Es evidente, conducir un vehículo que hace tanto ruido como ese coche ha sido una mala idea. El hombre no dice nada, lo puedes ver desde fuera, a través de los cristales sucios y medio rotos del minibús.

Mira a Salva, pero está pendiente de otra cosa.

Su mano derecha tapa algo en su pierna izquierda.

No aparta los ojos de tu compañero para que este no se fije en la herida.

Salva sigue hablando.

— Bueno, ya está hecho, sal de ahí tenemos que marcharnos. ¿Hay alguien más?
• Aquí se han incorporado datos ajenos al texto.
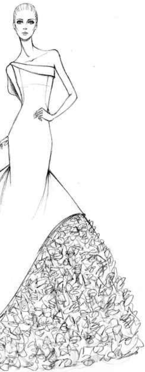
ROSA CLARÁ Y PRONOVIAS

Fernando Trueba dirigirá al 'marido de la peluquera' en un 'biopic' del artista francés, en el que Claudia Cardinale interpretará a su esposa

Niega con la cabeza y sale andando a trompicones. Tendrá cuarenta o cincuenta años y está calvo. Va bien abrigado y compruebas como le cuesta apoyar la pierna cada vez que intenta andar. Tiene que sentir pinchazos porque contrae los músculos de la cara de forma irregular. Ves pequeñas marcas de sangre seca en la cara y en la ropa. Está pálido.

—Gracias.

—De nada.

—No sabía dónde iba, no sabía dónde estaba. Aquí se me acabó la gasolina o se me quemó el motor ¡yo que sé! Esos venían siguiéndome y no supe qué hacer. Me quedé ahí esperando. Dios, están todos muertos.

—Todos no, tú estás vivo, eso es suficiente. ¿Cómo te llamas?

—Pedro.

Pedro, bien, un nombre para una persona. Otra persona. Aún quedan supervivientes.